Task directions
Leave out the pictures and repeat the entries below verbatim.
====== Supplied data ======
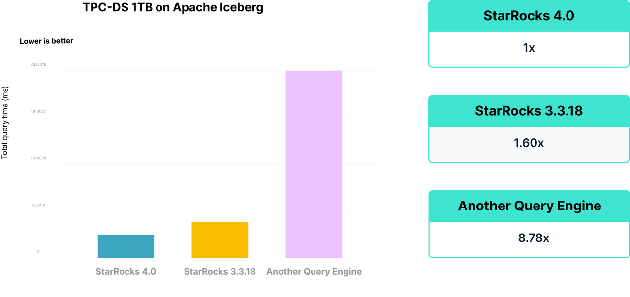 StarRocks 4.0 大版本将实现湖仓原生分析 ——将 StarRocks 多年来在数仓场景积累的优化经验,应用到开放格式之上,让用户基于 Iceberg 构建湖仓像使用 StarRocks 内表一样简单。在使用内表时,用户无需关注文件布局或统计信息,数据写入即可查询;而如今,这种“写入即查询”的体验,同样适用于 Iceberg 等开放格式。
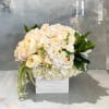 This arrangement has a very refined, elegant, bridal feel-soft ivory and cream garden roses, delicate white blooms, and lush greenery cascading slightly from a modern white container. Names that reflect purity, elegance, and softness would suit it well.
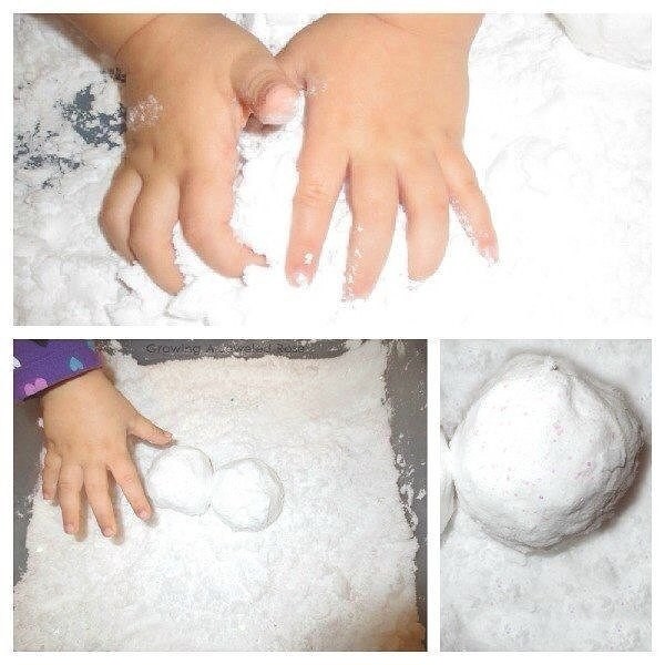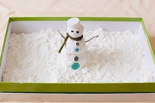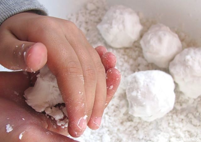 Рецепт очень простой: берете соду и добавляете в нее пену для бритья. Все смешиваете и в результате химической реакции получается самодельный снег, с которым интересно играть. Кроме того, такое занятие полезно для развития тактильной чувствительности у детей и взрослых.
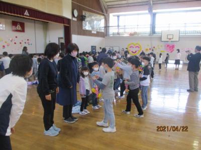 集会委員会の進行のもと,「1年生を迎える会」が行われました。
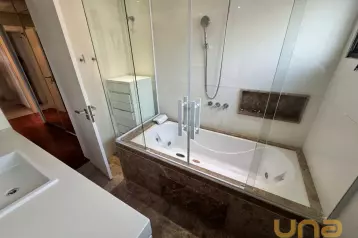 Piso em parquet, box de vidro temperado, e sistema de aquecimento a gás.
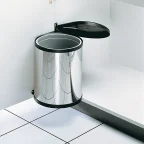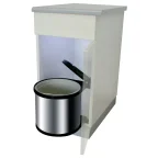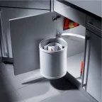 L'ouverture de la porte entraine la levée automatique du couvercle et la rotation de la poubelle.
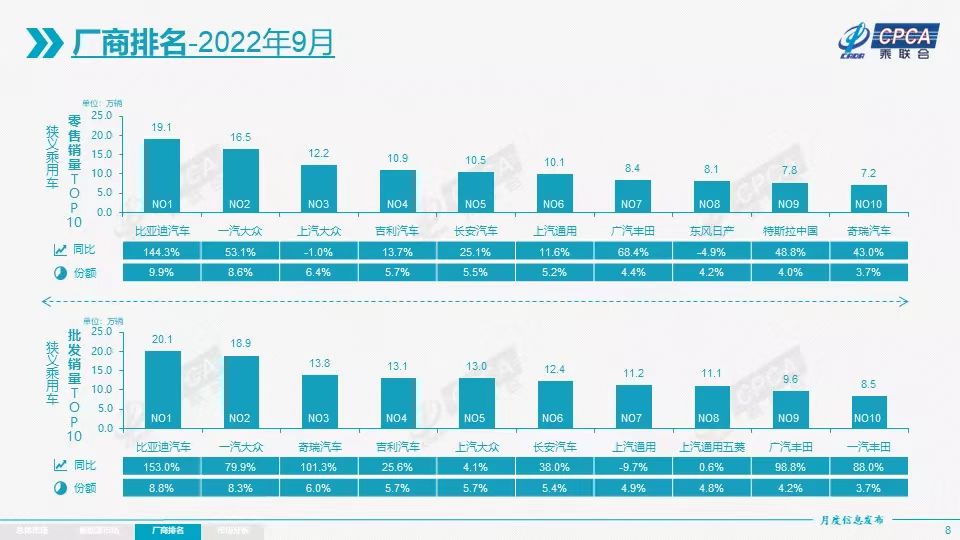 厂商层面,9月各品牌乘用车零售销量排行榜前三名依旧由比亚迪、一汽大众与上汽大众占据,销量分别为19.1、16.5与12.2万辆,分别占据了9.9%、8.6%与6.4%的市场份额。
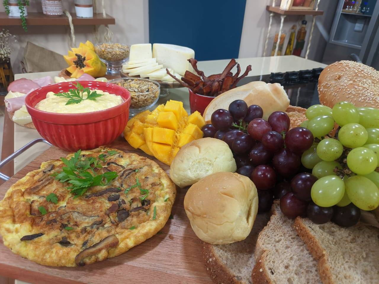 Para o omelete com cogumelos frescos e queijos
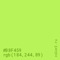 Цвет #B8F459 в цветовой модели RGB обозначается тремя октетами (184, 244, 89) в десятичном формате и #B8F459 в шестнадцатиричном (hex) формате, которые являются интенсивностью красного 184 (hex B8), интенсивность зелёного 244 (hex F4) и интенсивность синего 89 (hex 59).
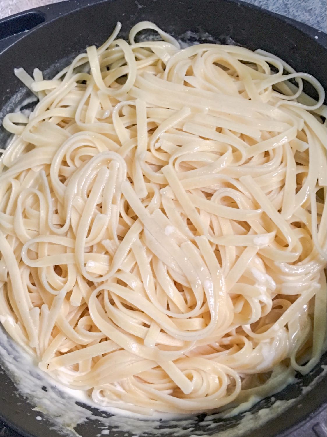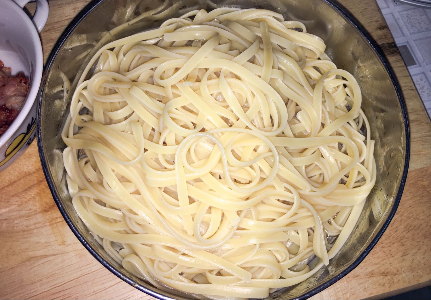 7.คนเส้นสปาเก็ตตี้และเบค่อนที่เตรียมไว้ตอนต้น ผสมกับครีมที่เตรียมไว้
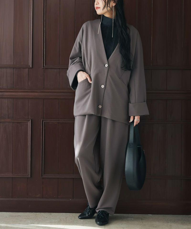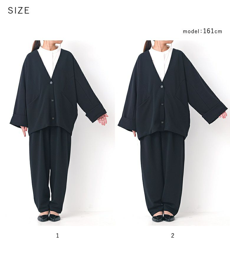 【2】 ◆ジャケット 袖丈:手の甲にかかる位 着丈:太もも真ん中より下位 ◆パンツ 着丈(ウエスト穿き):かかと位 ウエスト:ゆったり
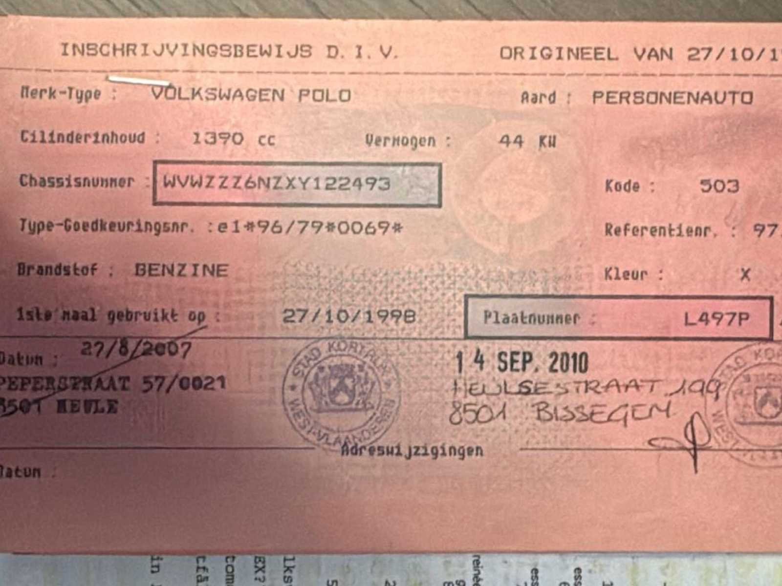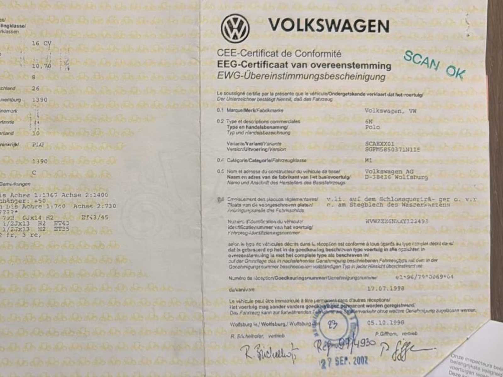 Nee Merk: Volkswagen Model: Polo Bouwjaar: 1998 Afgelezen kilometerstand: 47678km Cilinderinhoud: 1390cc Vermogen (kW): 44kW Brandstof: Benzine Chassisnummer: WVWZZZ6NZXY122493 Datum eerste toelating: 27/10/1998 Transmissie: Handgeschakeld Ledig gewicht: 992kg Nationaliteit documenten: BE Gelijkvormigheidsattest aanwezig: true Start en rijdt: Ja Keuringsrapport geldig tot: 27/10/2026 startinformatie : Start, rijdt, remt Vavato voert geen technische keuring uit.: true Inschrijvingsbewijs - deel 1 : OK Inschrijvingsbewijs - deel 2: OK
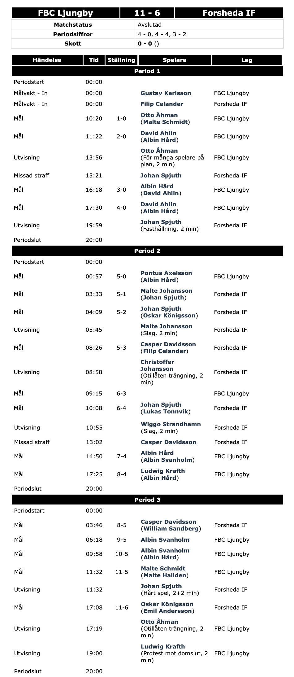 Trots fyra mål från Forsheda så räckte det inte till vinst utan Forsheda förlorade med 6–11, (0–4, 4–4, 2–3) mot tabelltvåan Ljungby.
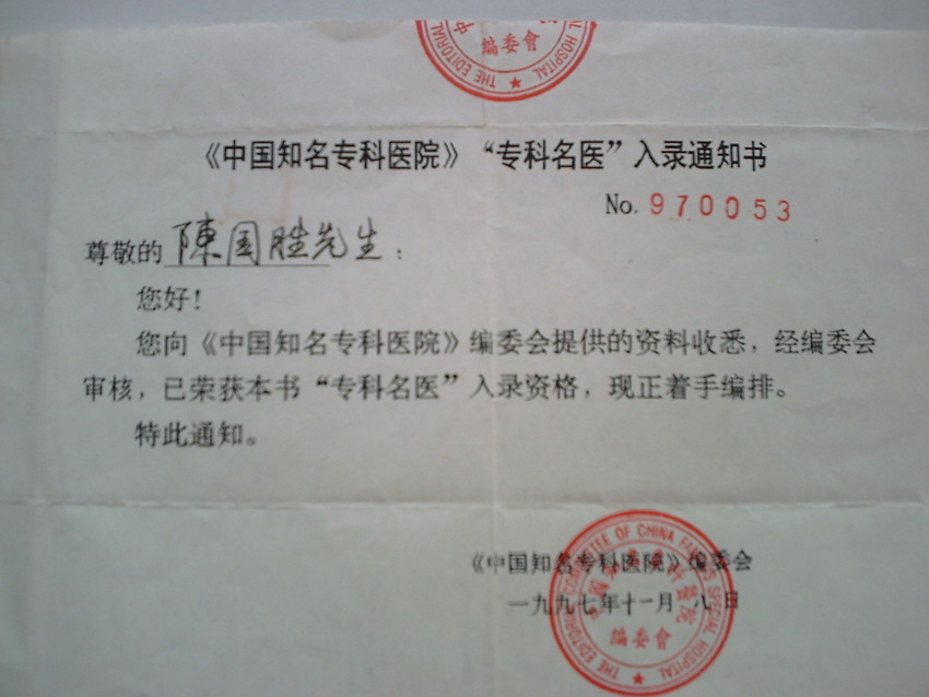 中国知名专科医院发给陈主任的“专科名医”入录通知书
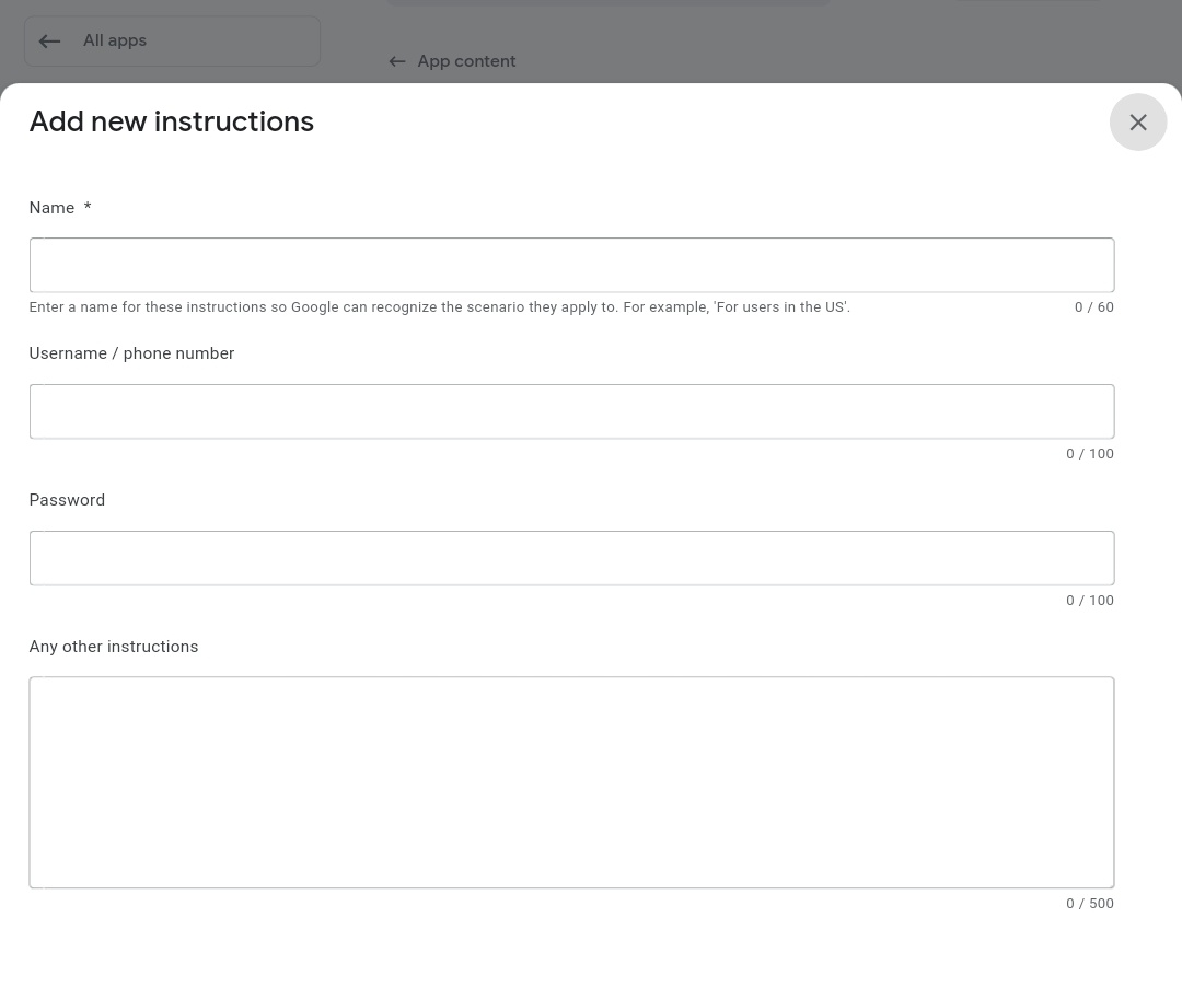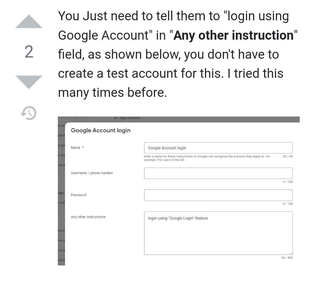 If you have registration system in your app then you’ll need to give Google an test account inoder to test your app. Just put anything like test account on the name then put the login credentials for your app.
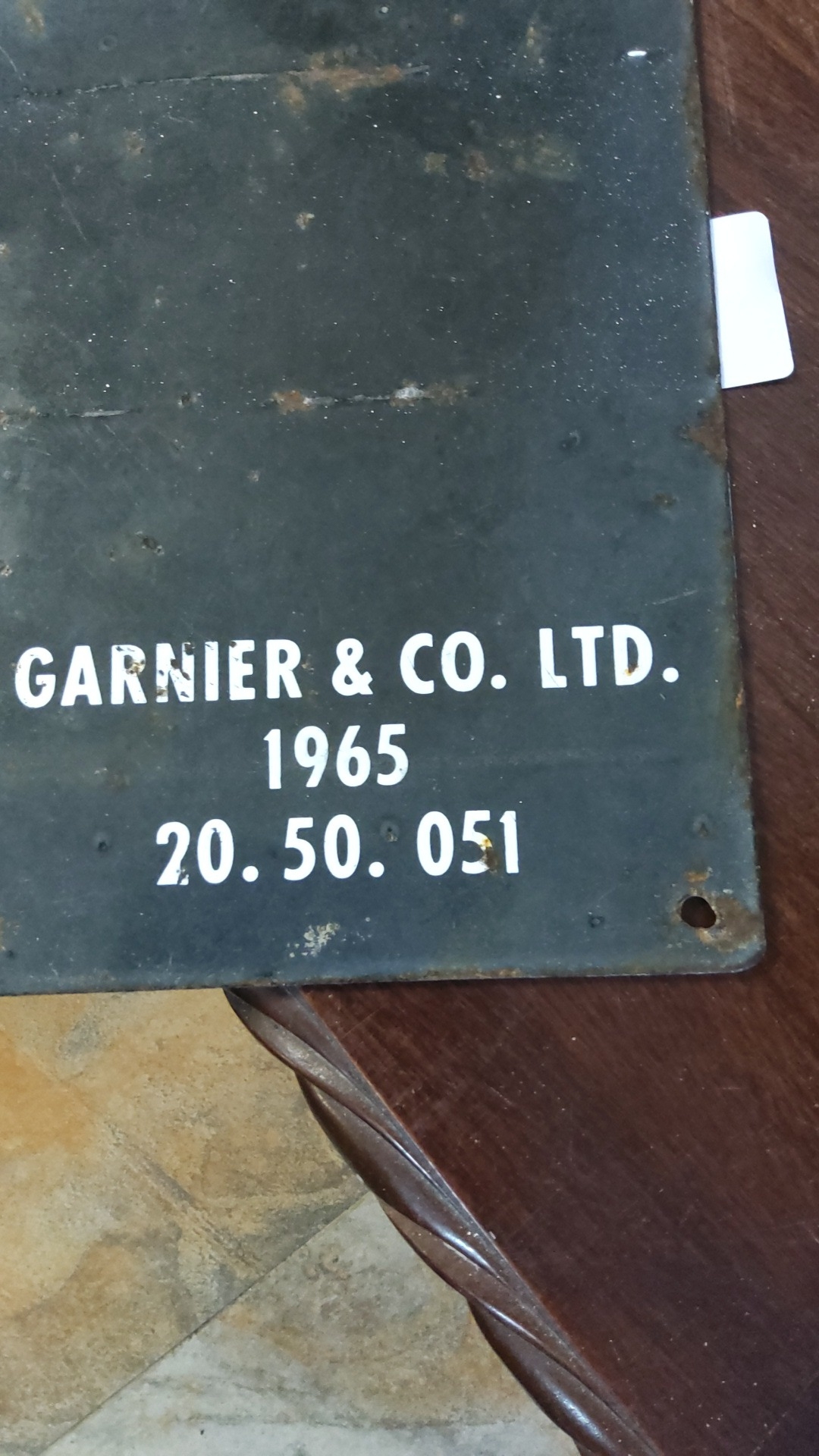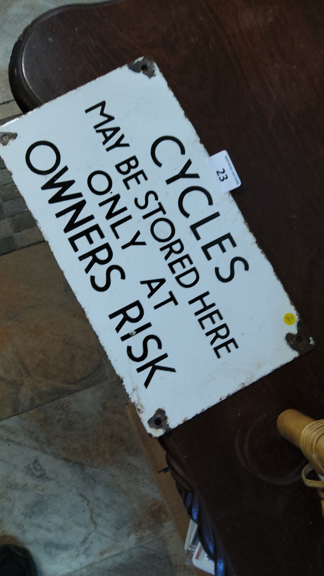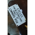 Vintage 1965 enamel sign “CYCLES MAY BE STORED HERE ONLY AT OWNER’S RISK”, the reverse“GARNIER & CO. LTD. 1965 20.50.051”, with corner fixing holes.
======
Answer box
 StarRocks 4.0 大版本将实现湖仓原生分析 ——将 StarRocks 多年来在数仓场景积累的优化经验,应用到开放格式之上,让用户基于 Iceberg 构建湖仓像使用 StarRocks 内表一样简单。在使用内表时,用户无需关注文件布局或统计信息,数据写入即可查询;而如今,这种“写入即查询”的体验,同样适用于 Iceberg 等开放格式。
 This arrangement has a very refined, elegant, bridal feel-soft ivory and cream garden roses, delicate white blooms, and lush greenery cascading slightly from a modern white container. Names that reflect purity, elegance, and softness would suit it well.
 Рецепт очень простой: берете соду и добавляете в нее пену для бритья. Все смешиваете и в результате химической реакции получается самодельный снег, с которым интересно играть. Кроме того, такое занятие полезно для развития тактильной чувствительности у детей и взрослых.
 集会委員会の進行のもと,「1年生を迎える会」が行われました。
 Piso em parquet, box de vidro temperado, e sistema de aquecimento a gás.
 L'ouverture de la porte entraine la levée automatique du couvercle et la rotation de la poubelle.
 厂商层面,9月各品牌乘用车零售销量排行榜前三名依旧由比亚迪、一汽大众与上汽大众占据,销量分别为19.1、16.5与12.2万辆,分别占据了9.9%、8.6%与6.4%的市场份额。
 Para o omelete com cogumelos frescos e queijos
 Цвет #B8F459 в цветовой модели RGB обозначается тремя октетами (184, 244, 89) в десятичном формате и #B8F459 в шестнадцатиричном (hex) формате, которые являются интенсивностью красного 184 (hex B8), интенсивность зелёного 244 (hex F4) и интенсивность синего 89 (hex 59).
 7.คนเส้นสปาเก็ตตี้และเบค่อนที่เตรียมไว้ตอนต้น ผสมกับครีมที่เตรียมไว้
 【2】 ◆ジャケット 袖丈:手の甲にかかる位 着丈:太もも真ん中より下位 ◆パンツ 着丈(ウエスト穿き):かかと位 ウエスト:ゆったり
 Nee Merk: Volkswagen Model: Polo Bouwjaar: 1998 Afgelezen kilometerstand: 47678km Cilinderinhoud: 1390cc Vermogen (kW): 44kW Brandstof: Benzine Chassisnummer: WVWZZZ6NZXY122493 Datum eerste toelating: 27/10/1998 Transmissie: Handgeschakeld Ledig gewicht: 992kg Nationaliteit documenten: BE Gelijkvormigheidsattest aanwezig: true Start en rijdt: Ja Keuringsrapport geldig tot: 27/10/2026 startinformatie : Start, rijdt, remt Vavato voert geen technische keuring uit.: true Inschrijvingsbewijs - deel 1 : OK Inschrijvingsbewijs - deel 2: OK
 Trots fyra mål från Forsheda så räckte det inte till vinst utan Forsheda förlorade med 6–11, (0–4, 4–4, 2–3) mot tabelltvåan Ljungby.
 中国知名专科医院发给陈主任的“专科名医”入录通知书
 If you have registration system in your app then you’ll need to give Google an test account inoder to test your app. Just put anything like test account on the name then put the login credentials for your app.
 Vintage 1965 enamel sign “CYCLES MAY BE STORED HERE ONLY AT OWNER’S RISK”, the reverse“GARNIER & CO. LTD. 1965 20.50.051”, with corner fixing holes.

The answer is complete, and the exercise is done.